Information shown Start Marker

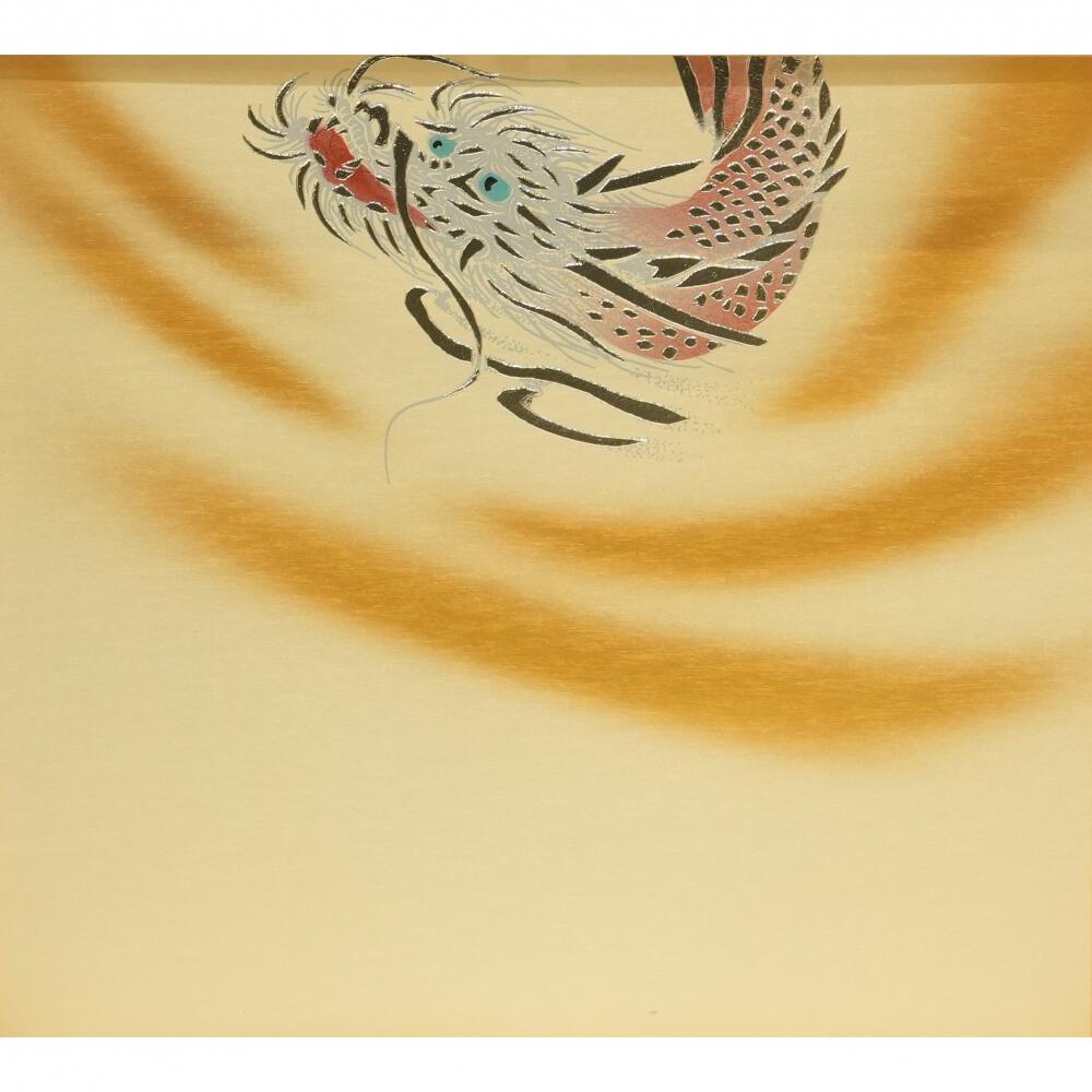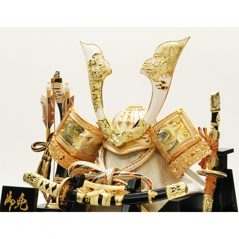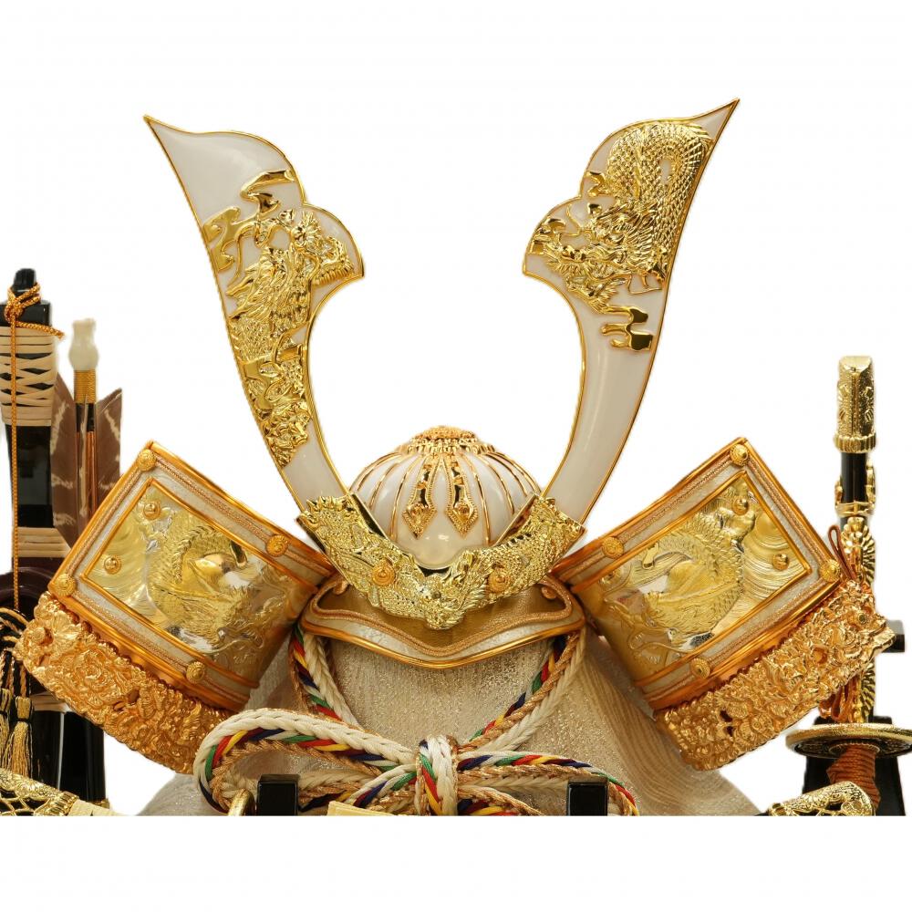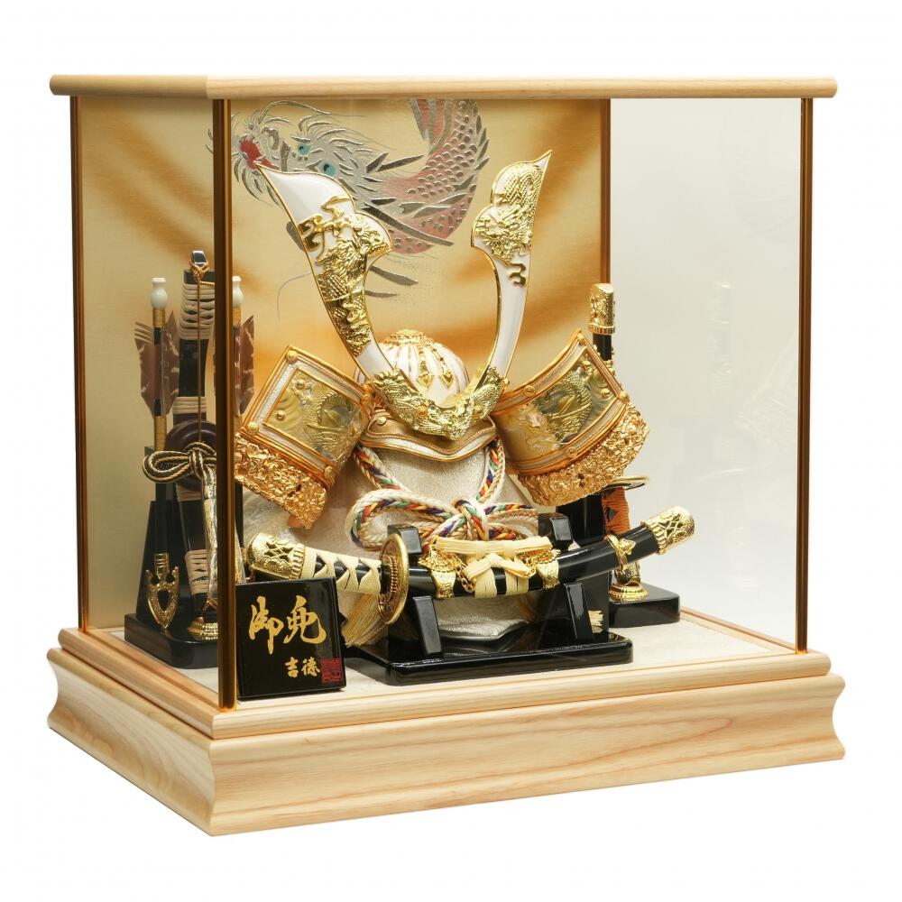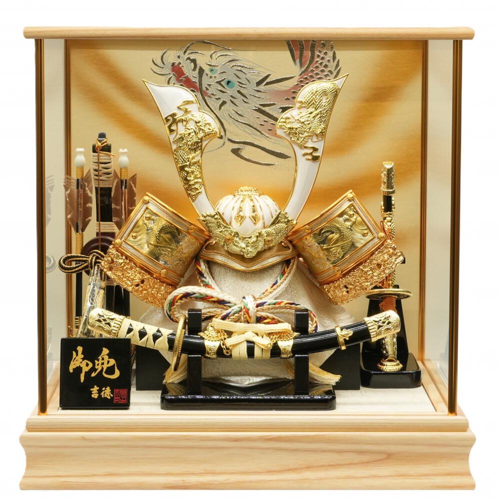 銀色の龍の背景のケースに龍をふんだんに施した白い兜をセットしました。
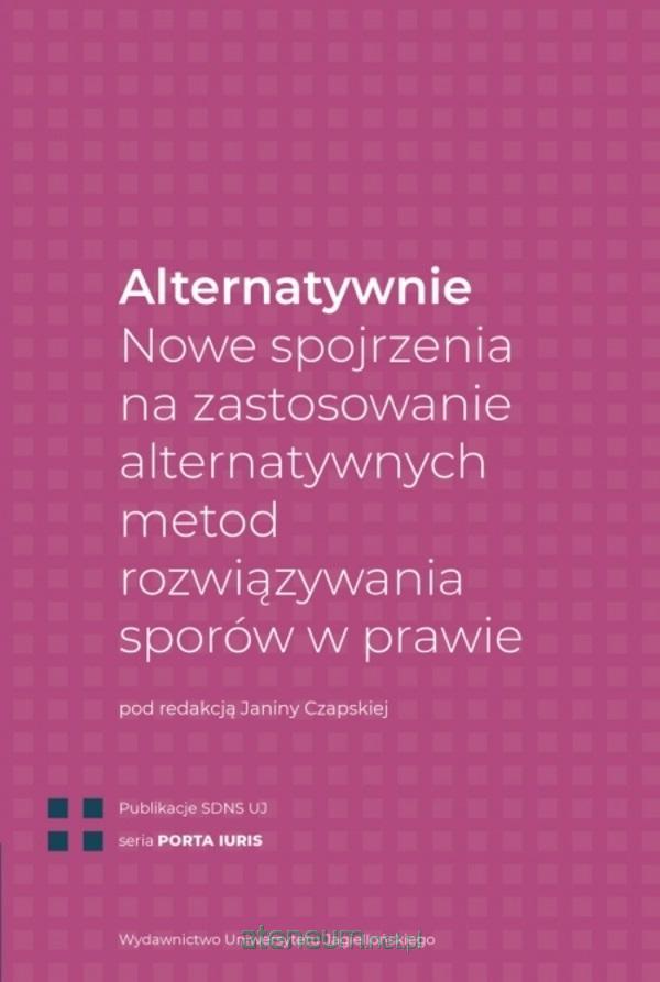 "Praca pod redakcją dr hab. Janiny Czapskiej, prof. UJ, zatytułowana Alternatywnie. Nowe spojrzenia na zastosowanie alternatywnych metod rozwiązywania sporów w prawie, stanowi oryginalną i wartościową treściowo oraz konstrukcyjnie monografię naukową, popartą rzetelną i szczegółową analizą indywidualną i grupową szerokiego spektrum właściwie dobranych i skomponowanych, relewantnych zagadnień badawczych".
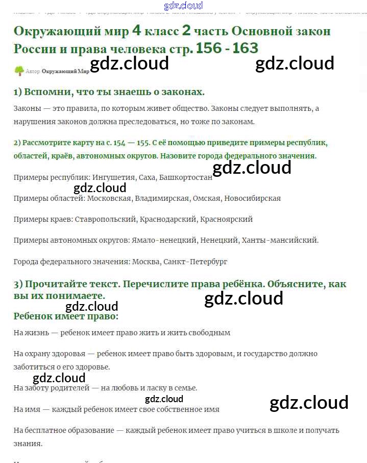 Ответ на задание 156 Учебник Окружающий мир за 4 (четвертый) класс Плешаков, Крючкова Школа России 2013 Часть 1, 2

Information shown End Marker

Task brief:
Begin the copy at the line containing "pod redakcją dr" and end it at the final line of the material above, reproducing each line exactly and omitting pictures.

Output for this exercise:
 "Praca pod redakcją dr hab. Janiny Czapskiej, prof. UJ, zatytułowana Alternatywnie. Nowe spojrzenia na zastosowanie alternatywnych metod rozwiązywania sporów w prawie, stanowi oryginalną i wartościową treściowo oraz konstrukcyjnie monografię naukową, popartą rzetelną i szczegółową analizą indywidualną i grupową szerokiego spektrum właściwie dobranych i skomponowanych, relewantnych zagadnień badawczych".
 Ответ на задание 156 Учебник Окружающий мир за 4 (четвертый) класс Плешаков, Крючкова Школа России 2013 Часть 1, 2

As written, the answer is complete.